### DATA PROVIDED:
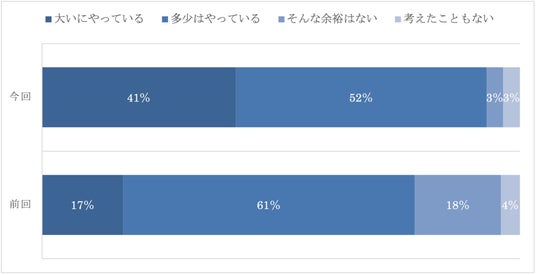 前回調査においては、「そんな余裕はない」が18%あり、一定の準備をしている層の割合は今回よりも低い。
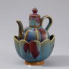 钧窑特有的带有光泽的蓝色底色上有红色斑纹,出水口、把手、线条突出部位等呈现黄绿色色感。
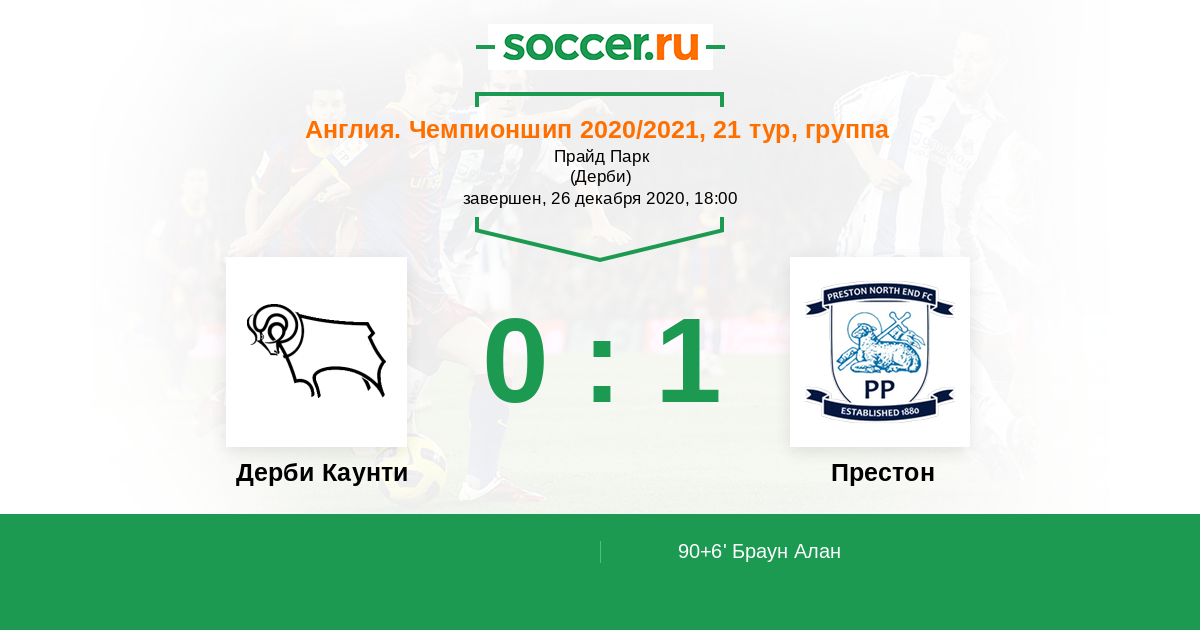 90+6' (0:1) Браун Алан (8) (Джонсон Даниэль (11))
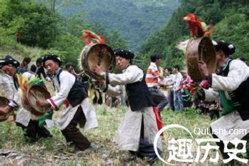 跳盔甲:羌族信仰习俗。又叫大葬舞。在为有功将士举行葬礼时跳。参加者一般为几人到十几人,头戴皮铠甲,手持兵器,先围成圈跳,接着形成两排对阵,兵器飞舞,铜钤叮当,吼声震天,表现死者作战时的威武气概。
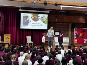 We were extremely blessed at the end of half term to be visited by the Local Legend – Manny Singh Kang after being invited by our school council.
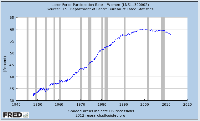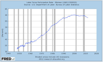 Back in the late 1940s when men's participation rate was peaking, only 33 percent of women were in the workforce. Women's participation rate peaked at 60.3 percent in April 2000 and has slowly fallen to 57.6 percent in April 2012, a drop of only 4.5 percent.

### WHAT TO DO:
Pictures are to be left out while the lines from the beginning of the records through the line with "跳盔甲:羌族信仰习俗。又叫大" are copied word for word.

### FINISHED EXERCISE:
 前回調査においては、「そんな余裕はない」が18%あり、一定の準備をしている層の割合は今回よりも低い。
 钧窑特有的带有光泽的蓝色底色上有红色斑纹,出水口、把手、线条突出部位等呈现黄绿色色感。
 90+6' (0:1) Браун Алан (8) (Джонсон Даниэль (11))
 跳盔甲:羌族信仰习俗。又叫大葬舞。在为有功将士举行葬礼时跳。参加者一般为几人到十几人,头戴皮铠甲,手持兵器,先围成圈跳,接着形成两排对阵,兵器飞舞,铜钤叮当,吼声震天,表现死者作战时的威武气概。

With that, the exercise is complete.